Monday, April 20, 2009

Cutwork Applique - Step 2

These steps follow the basic ones I learned in Elly Sienkiewicz's book Baltimore Beauties & Beyond. And yes, I had to dig the book out and refresh my memory. Step one is to make the freezer paper pattern (see this post). Next, cut your background squares. I cut these at 9 inches to give me wiggle room for squaring them up to 8-1/2" after appliqueing.

Then cut the same size square from your applique fabric. This batik is a recent acquisition, proving that it is important to purchase fabric when it catches your eye, even if you have no immediate plans for it. This one goes nicely with the batik the row owner is using for sashing. Elly's book is open to the page instructing me to press diagonal lines into the fabric square.

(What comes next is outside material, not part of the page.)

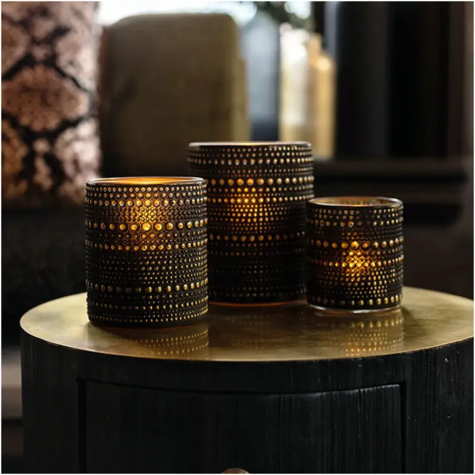 Luxe theelichthouder of kaarsenhouder voor waxinelichtjes van licht doorschijnend relief glas in de kleuren zwart/goud. Afmetingen: D7 x H8 cm. Plaats meerdere formaten en of meerdere stuks van deze serie bij elkaar op een kaarsenbord voor een maximale en stijlvolle sfeer. Serie: Aurora.

The lines help perfectly center the freezer paper pattern on the square - just line up the diagonal creases in the paper with those on the fabric. The waxy side is placed face down on the right side of the fabric. The iron creates a temporary bond between the two. If the freezer paper isn't adhering as firmly as you'd like, try using a hard surface covered with aluminum foil under it. I've covered an extra shelf with foil and it works well.

If you've never tried it, you may doubt that the edge of freezer paper would be thick enough or firm enough to use as a tracing guide but it is. Use any kind of marking pencil that shows up. If you're feeling really confident, you may even mark around the freezer paper with a permanent fine line pen like a Pigma Micron pen. I'm not that brave...or confident that I will be able to turn under the edge of the applique consistently enough to hide the line.

The freezer paper leaves no residue when you pull it away to reveal your markings. Sometimes a single pencil color will not show up everywhere on your fabric. If you look closely at the upper left, you can see that I marked that inner oval with regular pencil.

Now that your pattern is transferred to your fabric, layer it onto the background square and use small safety pins to hold the two together. One at each corner and one in the center inserted from the back is all you need. I know that too is hard to believe, but in this method, you use three sequin pins around the immediate area you are appliqueing, moving them as you stitch, and it's all you need for this kind of applique. Yeah! No basting!